=== TASK DIRECTIONS ===
Excluding pictures, give the entries again exactly as they appear.

Stored data entries:
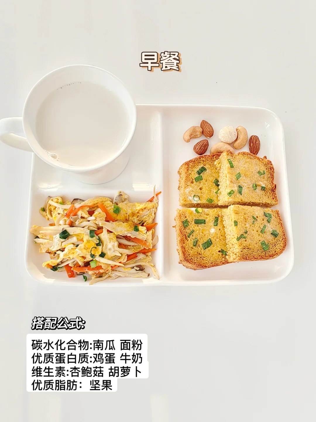 香葱鸡蛋烤吐司➕杏鲍菇炒蛋➕坚果➕牛奶
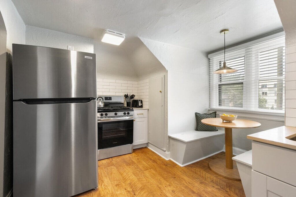 The advertised rate of $3,089/month is the lowest available price, based on a 1 month(s) stay with a move-in date of November 13, 2026. Rates vary depending on the duration of stay, season, and other parameters. For exact pricing and additional pricing components, please visit our website and enter your desired move-in and move-out dates. The rate is applicable when billed upfront; it can be higher if billed in multiple payments. Welcome to your charming 700-sqft 1-bedroom retreat on the top floor of a building on a popular, yet peaceful, tree-lined street in the heart of Congress Park. Feel at home in this bright apartment. This apartment boasts refinished hardwood floors, a renovated kitchen and bath, and a cozy built-in breakfast nook perfect for morning coffee. The stocked kitchen is ready for your culinary adventures. A smart TV is available for your streaming needs. Free communal laundry facilities are available. Pet rent is $90/dog/month. This apartment is located three blocks from Congress Park, five blocks from City Park and six blocks from Cheesman Park and Botanic Gardens. Dozens of cool coffee shops and restaurants are within a five-block walk, with a few on the same block. Congress Park Market for groceries and sandwiches is across the street and Sprouts Farmers Market is eight blocks away. The apartment is eight minutes from Cherry Creek Shopping District, 10 minutes from downtown Denver, RiNo, and LoHi, 30 minutes to Red Rocks, and 1 hour and 30 minutes to ski resorts. Nearby hospitals include St. Joseph, Presbyterian St. Luke’s, and Rose (5 minutes away) and UC Health University of CO and Children’s Hospital CO (15 minutes away). This is a dog-friendly apartment, but there is a strict no-cats policy. Many guests work from home, so please be mindful of the noise coming from your unit due to pets, music, and children as to not cause a disturbance. A warning will be given for any reported noise disturbances, and additional disturbances will result in eviction from the property without a refund. All properties are non-smoking/non-vaping, and violation of this policy will result in damage fees. Check-out time is 10 AM, and failure to check out on time will incur a $50 fee for every additional 30 minutes. The host controls central heat from a single thermostat for the building, and guests control window AC units and ceiling and tower fans. [SI]
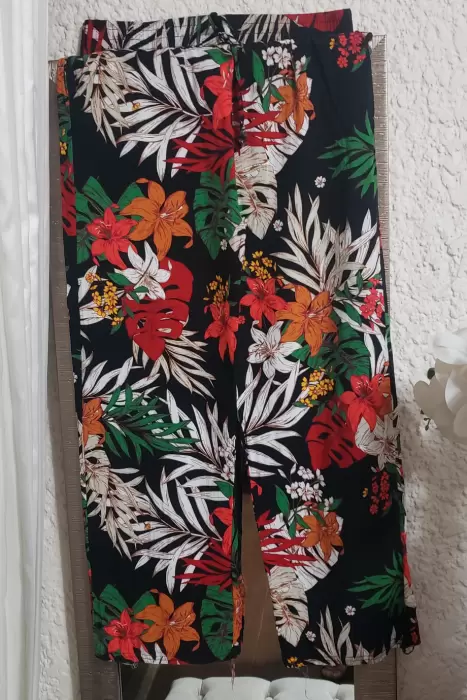 Pantalones tropicales unitalla , a la moda y frescos.Divinos y super cómodos, aunque son unitalla.Si eres demasiado delgada un XS si quedan un poco grande, por eso los vendo.
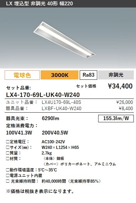 LX4-170-40W-UK40-W240 ラインルクス 埋込型 非調光 40形 幅220
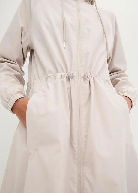 Capuche, cordon coulissant pour ajuster l’ampleur, avec protège-menton, poches passepoilées et mitaines en bas de manches.

=== RESULT FOR THIS TASK ===
 香葱鸡蛋烤吐司➕杏鲍菇炒蛋➕坚果➕牛奶
 The advertised rate of $3,089/month is the lowest available price, based on a 1 month(s) stay with a move-in date of November 13, 2026. Rates vary depending on the duration of stay, season, and other parameters. For exact pricing and additional pricing components, please visit our website and enter your desired move-in and move-out dates. The rate is applicable when billed upfront; it can be higher if billed in multiple payments. Welcome to your charming 700-sqft 1-bedroom retreat on the top floor of a building on a popular, yet peaceful, tree-lined street in the heart of Congress Park. Feel at home in this bright apartment. This apartment boasts refinished hardwood floors, a renovated kitchen and bath, and a cozy built-in breakfast nook perfect for morning coffee. The stocked kitchen is ready for your culinary adventures. A smart TV is available for your streaming needs. Free communal laundry facilities are available. Pet rent is $90/dog/month. This apartment is located three blocks from Congress Park, five blocks from City Park and six blocks from Cheesman Park and Botanic Gardens. Dozens of cool coffee shops and restaurants are within a five-block walk, with a few on the same block. Congress Park Market for groceries and sandwiches is across the street and Sprouts Farmers Market is eight blocks away. The apartment is eight minutes from Cherry Creek Shopping District, 10 minutes from downtown Denver, RiNo, and LoHi, 30 minutes to Red Rocks, and 1 hour and 30 minutes to ski resorts. Nearby hospitals include St. Joseph, Presbyterian St. Luke’s, and Rose (5 minutes away) and UC Health University of CO and Children’s Hospital CO (15 minutes away). This is a dog-friendly apartment, but there is a strict no-cats policy. Many guests work from home, so please be mindful of the noise coming from your unit due to pets, music, and children as to not cause a disturbance. A warning will be given for any reported noise disturbances, and additional disturbances will result in eviction from the property without a refund. All properties are non-smoking/non-vaping, and violation of this policy will result in damage fees. Check-out time is 10 AM, and failure to check out on time will incur a $50 fee for every additional 30 minutes. The host controls central heat from a single thermostat for the building, and guests control window AC units and ceiling and tower fans. [SI]
 Pantalones tropicales unitalla , a la moda y frescos.Divinos y super cómodos, aunque son unitalla.Si eres demasiado delgada un XS si quedan un poco grande, por eso los vendo.
 LX4-170-40W-UK40-W240 ラインルクス 埋込型 非調光 40形 幅220
 Capuche, cordon coulissant pour ajuster l’ampleur, avec protège-menton, poches passepoilées et mitaines en bas de manches.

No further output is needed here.